Informatics on High-Throughput Sequencing Data Module 4 Lab
This work is licensed under a Creative Commons Attribution-ShareAlike 3.0 Unported License. This means that you are able to copy, share and modify the work, as long as the result is distributed under the same license.
CBW HT-seq Module 4 - Single Nucleotide Variant Calling
by Mathieu Bourgey, Ph.D
Table of contents
- Introduction
- Original Setup
- Calling Variants with GATK
- Investigating the SNP calls
- Filter the variants
- Adding functional consequence
- Investigating the functional consequence of variants
- Adding dbSNP annotations
- Overall script
- (Optional) Investigating the trio
- Acknowledgements
Introduction
The goal of this practical session is to identify single nucleotide variants (SNVs) in a human genome and to annotate them. In the previous module 3, we have aligned the reads from NA12878 (daughter) in a small region on chromosome 1. We will continue to use the data generated during the Module 3.

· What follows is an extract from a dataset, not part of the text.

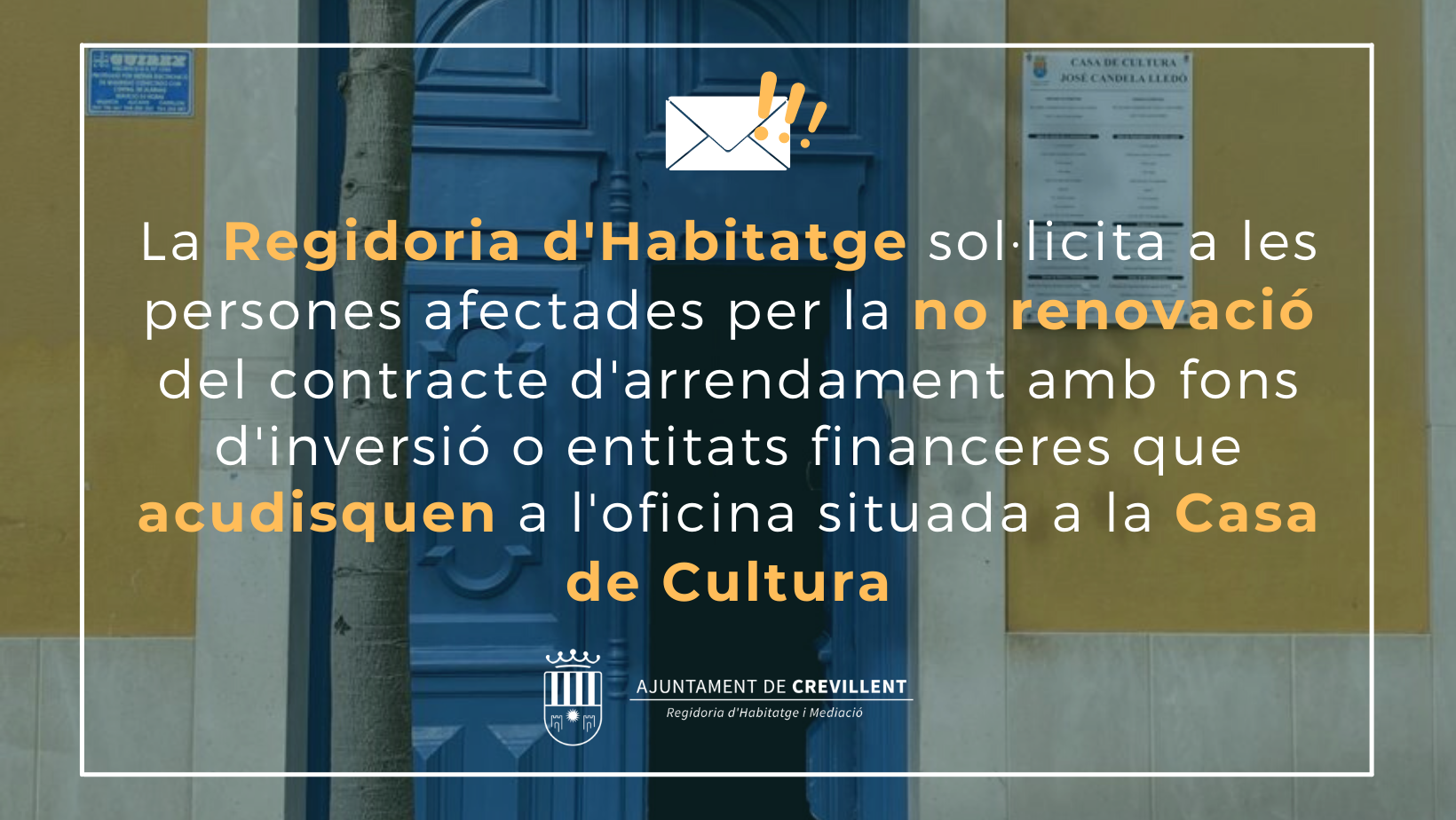 - La Concejalía de Vivienda solicita a los vecinos y vecinas de Crevillent que han recibido una notificación comunicando que no se va a renovar su alquiler que se pongan en contacto con este área

NA12878 is the child of the trio while NA12891 and NA12892 are her parents.
For practical reasons we subsampled the reads from the sample because running the whole dataset would take way too much time and resources. We’re going to focus on the reads extracted from a 300 kbp stretch of chromosome 1
Chromosome | Start | End |
---|---|---|
chr1 | 17704860 | 18004860 |
Original Setup
Amazon node
Read these directions for information on how to log in to your assigned Amazon node.
Software requirements
These are all already installed, but here are the original links.
In this session, we will particularly focus on GATK HaplotypeCaller SNV detection tool. The main advantage of HaplotypeCaller is to do the calling using a local de-novo assembly approach. When the program encounters a region showing signs of variation, it discards the existing mapping information and completely reassembles the reads in that region. This allow a better accuracy in regions that are traditionally difficult to call, for example when they contain different types of variants close to each other.
Environment setup
export SOFT_DIR=/usr/local/
export WORK_DIR=~/workspace/HTseq/Module4/
export GATK_JAR=$SOFT_DIR/gatk-4.0.1.2/gatk-package-4.0.1.2-local.jar
export SNPEFF_JAR=$SOFT_DIR/snpEff/snpEff.jar
export GATK_OLD_JAR=~/CourseData/HT_data/software/GenomeAnalysisTK-3.8/GenomeAnalysisTK.jar
export REF=$WORK_DIR/reference/
rm -rf $WORK_DIR
mkdir -p $WORK_DIR/variants
cd $WORK_DIR
ln -s ~/CourseData/HT_data/Module4/* .
Data files
The initial structure of your folders should look like this:
ROOT
|-- bam/ # bam file from the previous Module(down sampled)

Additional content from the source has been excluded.